LB: Yes! We've recently launched a book club - Shit You Should Read About - which is so fun, and our podcast The Shit Show is super fun too! We wanted to expand because Instagram isn't going to be around forever - and we know that, it's also not the most demographic platform - we get shadowbanned all the time. We also wanted some spaces where we could be a bit more personal with everyone! Further initiatives are definitely on the cards, especially concerning mental health and art/culture! It's all go!

MM: It is evident that SYSCA is versatile in the current events and social justice issues that it covers. Despite the diversity of content subjects, is there one singular message that you hope to be sharing with your audience?


LB: That you don't have to be an expert to give a shit about things. We certainly aren't, but we all deserve to understand the world going on around us - without having to navigate through all the jargon/paywalls/eliteness that can be involved in current events. That, and that we are all just humans - so we need to treat each other like it.

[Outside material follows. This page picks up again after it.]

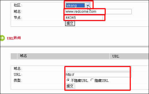 社區(qū)選擇“yikang”,節(jié)點(diǎn)號(hào)就是前面已經(jīng)記下的“yikang”的節(jié)點(diǎn)號(hào)“44345”(沒記下來(lái),可以參照 2.2 編輯社區(qū)屬性)。域名需要提前定好。URL轉(zhuǎn)向隨需要而定。

MM: I can not thank you enough for your generosity in sharing the story of SYSCA! Your platform is an inspiration and a relevant educational tool for millions of people. When I look back on 2020—a year filled with an overwhelming number of transformative events—I will always remember that it was accounts like SYSCA who kept young people informed. The world needs accessible information! “CASUAL'' Zine says a huge thank you to SYSCA. Please use this question to say anything you would like to that you have not yet mentioned. All the best!


LB: Thank you for having us! My only message would be to just keep giving a shit. Big love to you all!